- PROBLEM REQUIREMENTS:
Retype the listing below exactly, pictures removed.

━━━ DATA ━━━

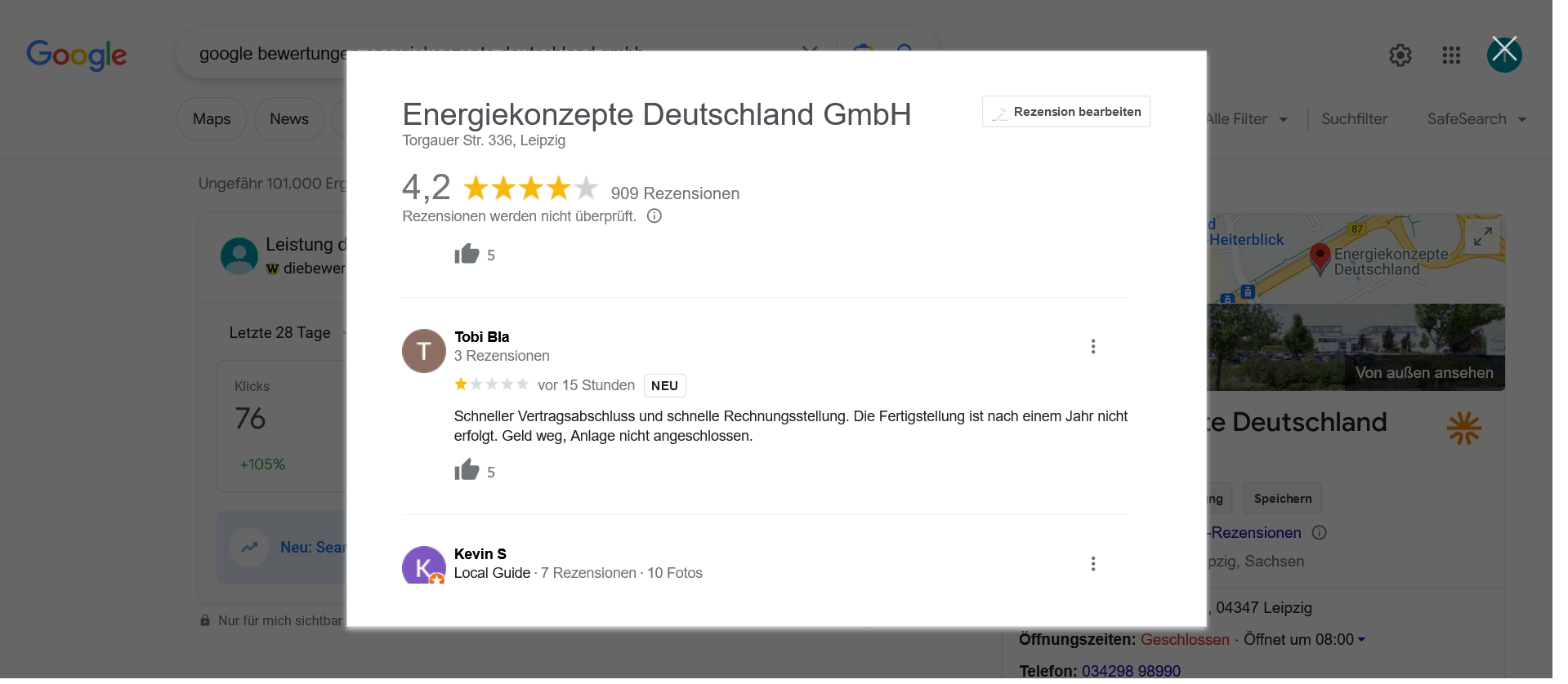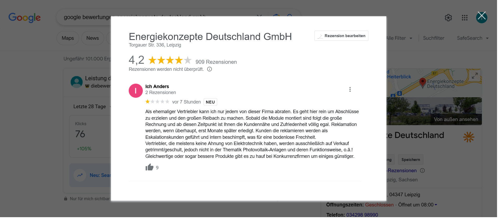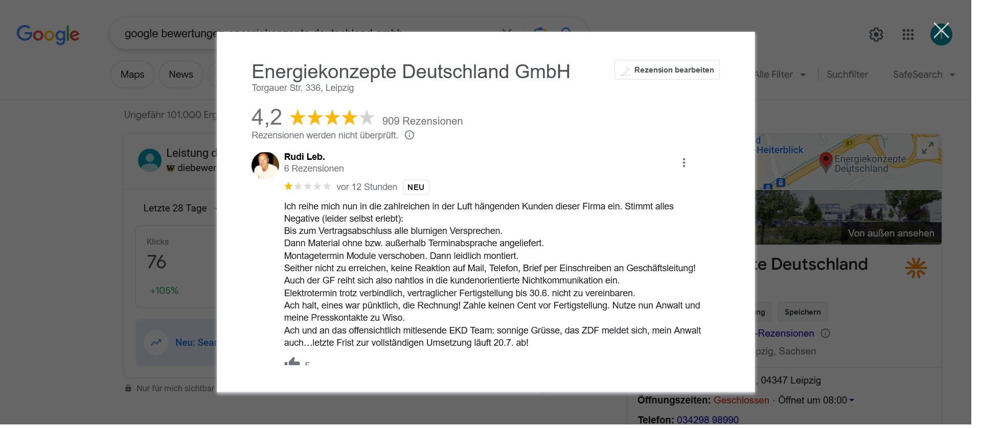 Natürlich, auch das bitte hier einmal angemerkt, gehen wir davon aus, dass es sehr viele zufriedene Kunden beim Unternehmen EKD Solar gibt, aber ein gutes Unternehmen macht dann eben auch aus, dass man sich um jeden Kunden kümmert, nicht nur um die, die zufrieden sind.
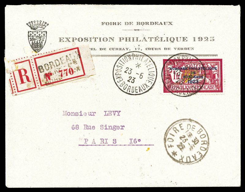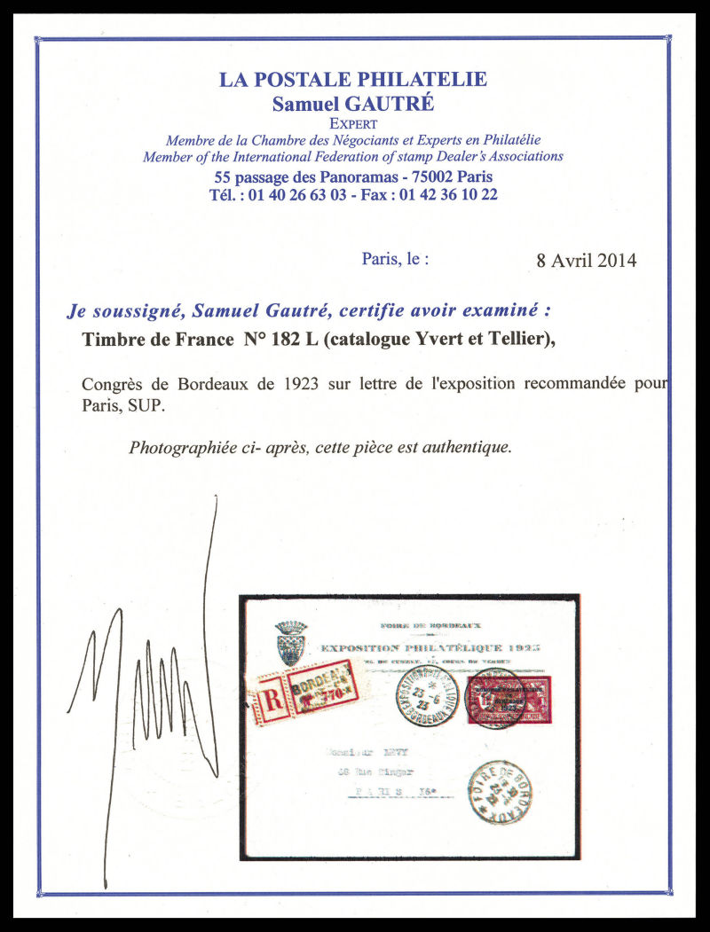 2899 imageN°182, Congrès de Bordeaux 1923, Càd de l'exposition du 23 juin 1923 sur lettre recommandée, bon centrage, TB (certificat) Qualité: Oblitéré Cote: 700 euros (Image) (image2) (All Images)
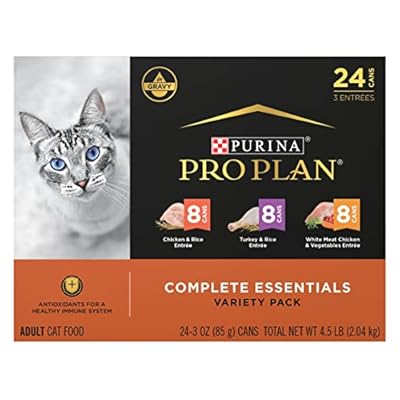 Purina Pro Plan Gravy, High Protein Wet Cat Food Variety Pack, Complete Essentials Chicken and Turkey Favorites – (Pack of 24) 3 oz. Cans
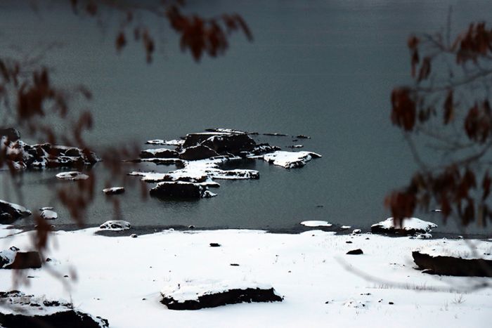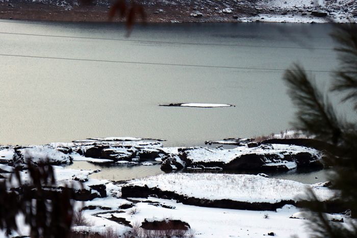 Doğal güzelliğiyle her mevsim özellikle yerli turistlerin ilgi gösterdiği barajın kıyılarındaki yüzen adalar, ilçede hava sıcaklığının sıfırın altına düşmesiyle buz tuttu.

━━━

- REPLY TO THE EXERCISE:
 Natürlich, auch das bitte hier einmal angemerkt, gehen wir davon aus, dass es sehr viele zufriedene Kunden beim Unternehmen EKD Solar gibt, aber ein gutes Unternehmen macht dann eben auch aus, dass man sich um jeden Kunden kümmert, nicht nur um die, die zufrieden sind.
 2899 imageN°182, Congrès de Bordeaux 1923, Càd de l'exposition du 23 juin 1923 sur lettre recommandée, bon centrage, TB (certificat) Qualité: Oblitéré Cote: 700 euros (Image) (image2) (All Images)
 Purina Pro Plan Gravy, High Protein Wet Cat Food Variety Pack, Complete Essentials Chicken and Turkey Favorites – (Pack of 24) 3 oz. Cans
 Doğal güzelliğiyle her mevsim özellikle yerli turistlerin ilgi gösterdiği barajın kıyılarındaki yüzen adalar, ilçede hava sıcaklığının sıfırın altına düşmesiyle buz tuttu.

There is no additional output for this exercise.